Illustration of human cell |
"Nucleolar malfunction can lead to disease, including cancer," explains Alexandra Zidovska, an assistant professor in New York University's Department of Physics and the senior author of the study, which appears in the journal eLife. "Thus, understanding the processes responsible for the maintenance of nucleolar shape and motion might help in the creation of new diagnostics and therapies for certain human afflictions."
Recent discoveries have shown that some cellular compartments don't have membranes, which were previously seen as necessary to hold a cell together. Researchers have since sought to understand the forces that maintain the integrity of these building blocks of life absent these membranes.
What has been observed is the nature of this behavior. Specifically, these compartments act as liquid droplets made of a material that does not mix with the fluid around them -- similar to oil and water. This process, known as liquid-liquid phase separation, has now been established as one of the key cellular organizing principles.
In their study, the researchers focused on the best known example of such cellular liquid droplet: the nucleolus, which resides inside the cell nucleus and is vital to cell's protein synthesis.
"While the liquid-like nature of the nucleolus has been studied before, its relationship with the surrounding liquid is not known," explains Zidovska, who co-authored the study with Christina Caragine, an NYU doctoral student, and Shannon Haley, an undergraduate in NYU's College of Arts and Science at the time of the work and now a doctoral student at the University of California at Berkeley. "This relationship is particularly intriguing considering the surrounding liquid -- the nucleoplasm -- contains the entire human genome."
Yet, unclear is how the two fluids interact with each other.
To better understand this dynamic, the scientists examined the motion and fusion of human nucleoli in live human cells, while monitoring their shape, size, and smoothness of their surface.

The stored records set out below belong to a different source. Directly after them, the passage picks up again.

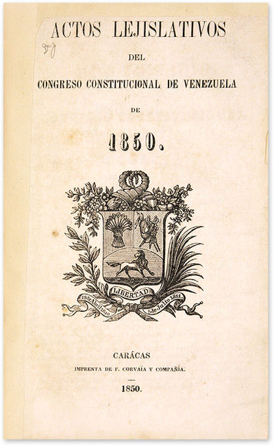 1850. 3 titles in one book.. 3 titles in one book. Framing Venezuela's Constitution of 1857 [Venezuela]. Actos Legislativos del Congreso Constitucional de Venezuela de 1850. Caracas: Imprenta de F. Corvaia y Compania, 1850. 101, [3] pp. [Bound with] Actos Legislativos Sancionados por el Congreso Constitucional de Venezuela de 1851. Caracas: Oficinas Tipograficas de Briceno y Campbell, 1851. 66, [3] pp. [And] Actos Legislativos Sancionados por el Congreso Constitucional de Venezuela de 1853. Caracas: Imprenta Republicana de Eduardo Ortiz, 1853. Octavo (8-1/2" x 5-1/2"). Later cloth, red and black lettering pieces to spine. Moderate shelfwear and soiling, moderate toning to text, small inkstains and brief annotations to a few leaves. Ex-library. Location label to spine, small inkstamps to title pages, annotations to versos. Solid copies of three scarce titles. $250. * Only editions. These are three volumes of decisions of the convention that framed Venezuela's 1857 constitution.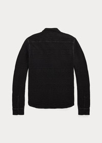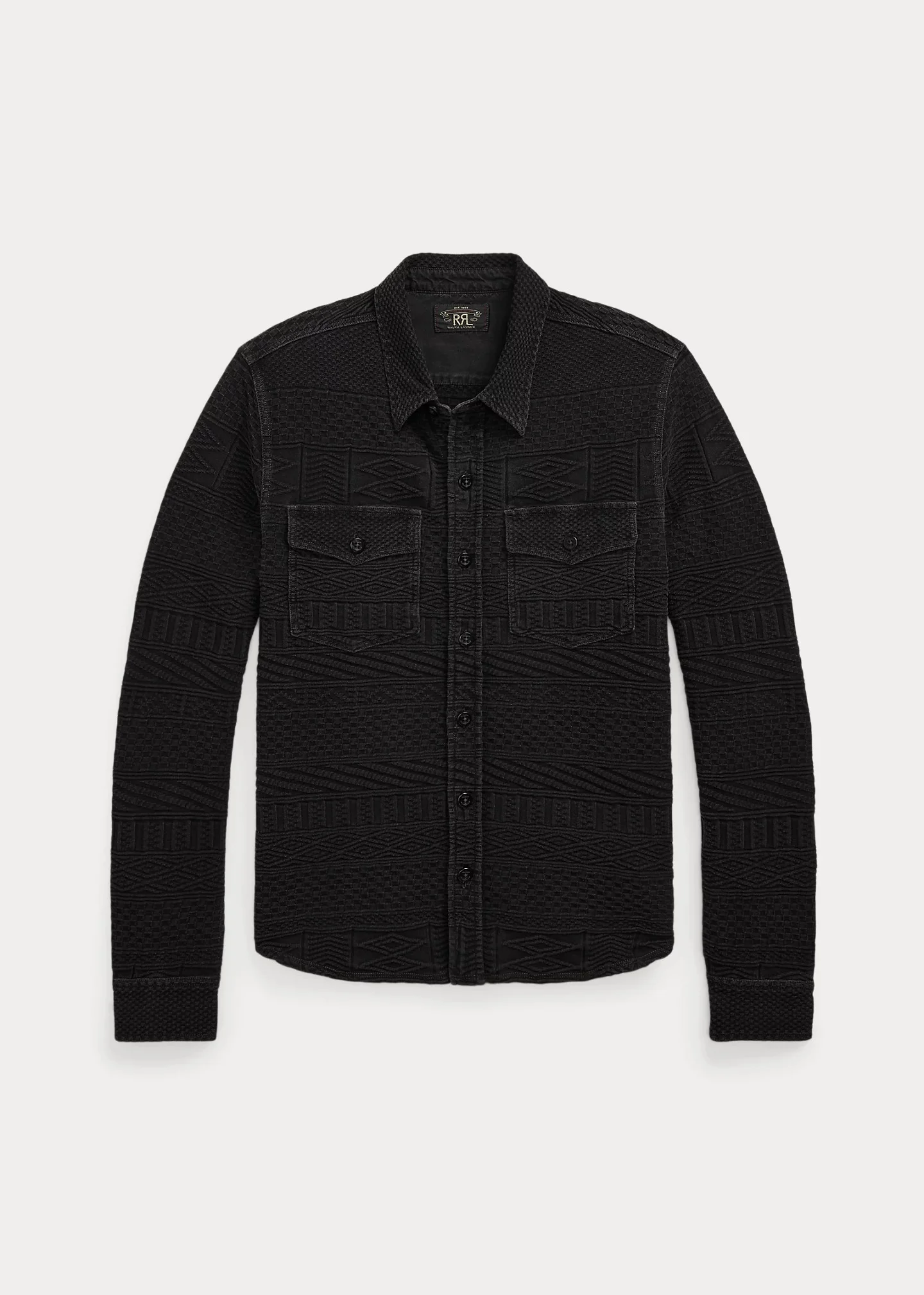 Made with double-knit cotton jacquard fabric. Model and pattern are based on a Double RL shirt sweater. Oxford reinforcements at the interior. DETAILS - Size medium has a 28" front body length, an 18" shoulder, a 43" chest, and a 33.75" sleeve length. Sleeve length is taken from the center back of the neck. - Straight collar. Buttoned placket. - Long sleeves with buttoned barrel cuffs. - Two chest buttoned pockets. - Oxford reinforcements at the interior. - 100% cotton (exclusive of trim). - Dry clean. - Imported. - Style Number: 100057951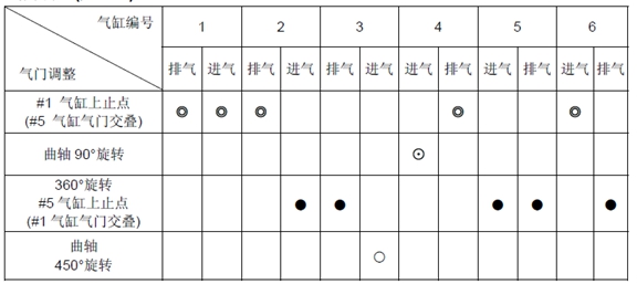 按照以下方法調(diào)整各氣缸氣門交疊

The method for studying the fusion of the nucleolar droplets was created by the team in 2018 and reported in the journal Physical Review Letters.
Their latest study showed two types of nucleolar pair movements or "dances": an unexpected correlated motion prior to their fusion and separate independent motion. Moreover, they found that the smoothness of the nucleolar interface is susceptible to both changes in gene expression and the packing state of the genome, which surrounds the nucleoli.